## The task
Apart from the pictures, reproduce the data below exactly as it stands.
--- Collected material Enclosed Below ---
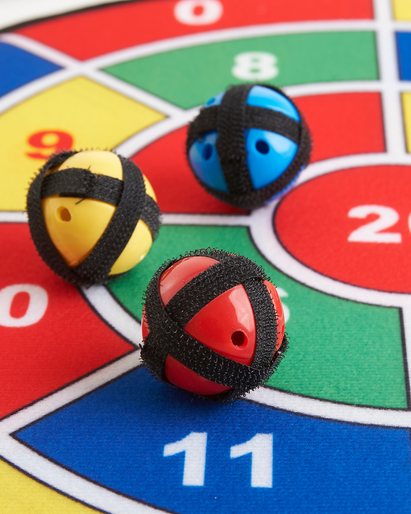 Utilizzando la chiusura a strappo, le palline si attaccano alle palline bersaglio rendendolo un modo divertente e coinvolgente per i bambini di imparare addizioni, sottrazioni e divisioni.
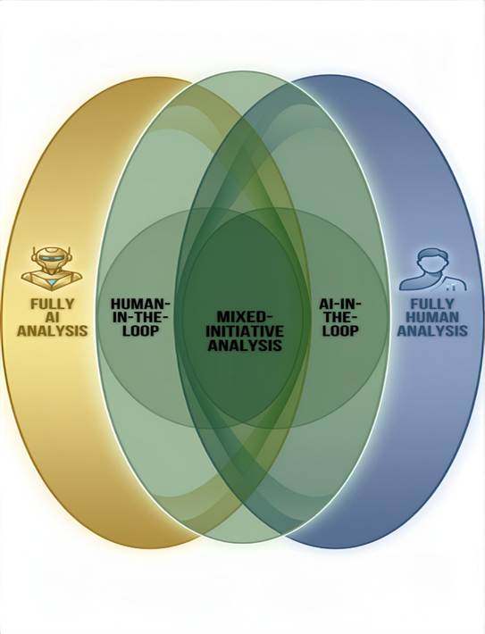 In a 2023 discussion of human-AI teaming (HAT), the United Nations Institute for Disarmament Research (UNIDIR) Dr. Mennatallah El-Assady presented the HITL spectrum as a Venn diagram (see representation in Figure 1 below). Her model suggests that some systems might be entirely automated and others entirely manual, but most lie somewhere in between. The spectrum challenges us to think about what each “agent” brings to the problem at hand.
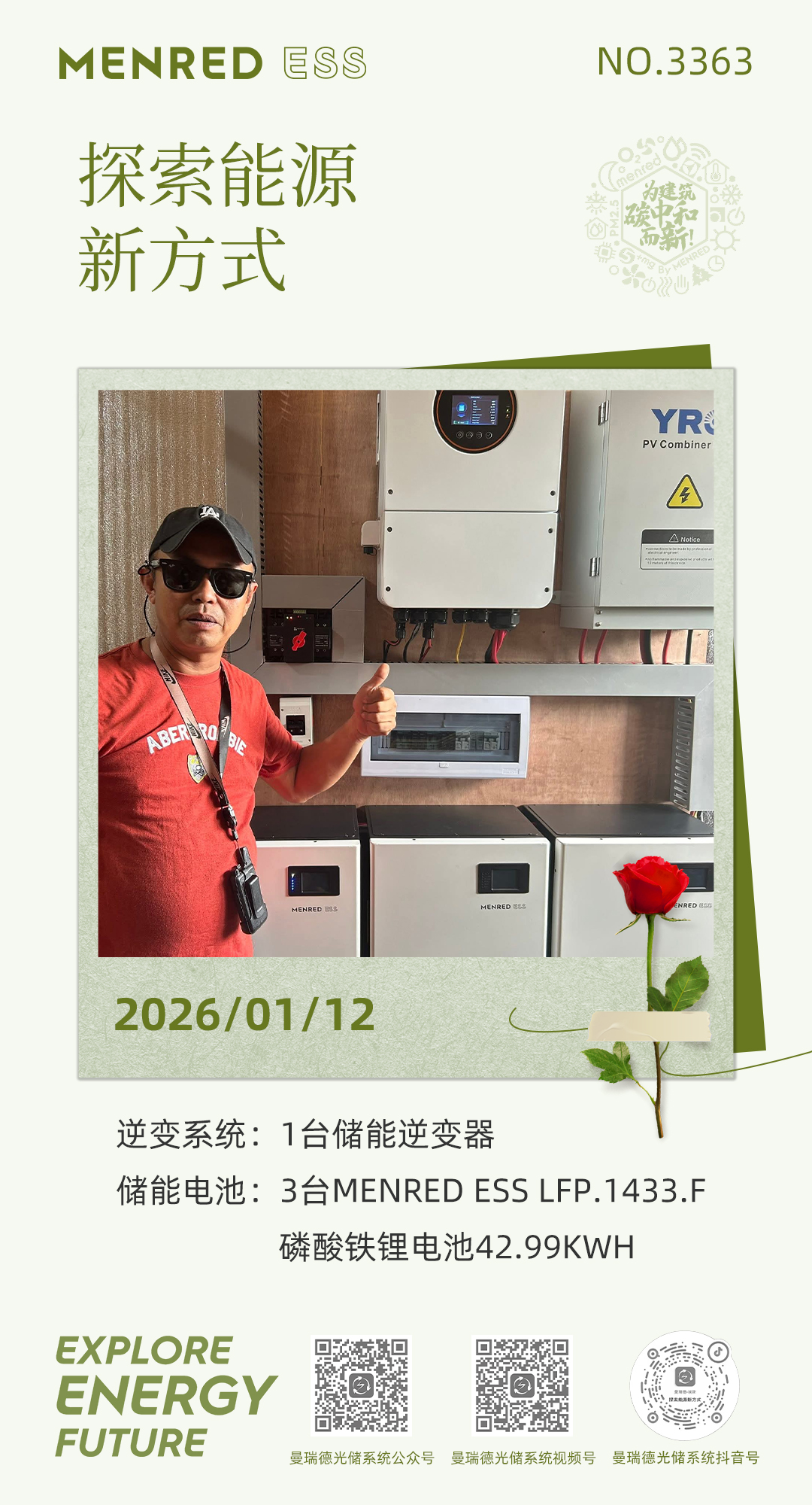 “ ” 曼瑞德光储系统,以1台逆变器和3台磷酸铁锂电池,总容量42.99KWh,为您提供...
--- End of Enclosed Collected material ---
## Solution to the exercise
 Utilizzando la chiusura a strappo, le palline si attaccano alle palline bersaglio rendendolo un modo divertente e coinvolgente per i bambini di imparare addizioni, sottrazioni e divisioni.
 In a 2023 discussion of human-AI teaming (HAT), the United Nations Institute for Disarmament Research (UNIDIR) Dr. Mennatallah El-Assady presented the HITL spectrum as a Venn diagram (see representation in Figure 1 below). Her model suggests that some systems might be entirely automated and others entirely manual, but most lie somewhere in between. The spectrum challenges us to think about what each “agent” brings to the problem at hand.
 “ ” 曼瑞德光储系统,以1台逆变器和3台磷酸铁锂电池,总容量42.99KWh,为您提供...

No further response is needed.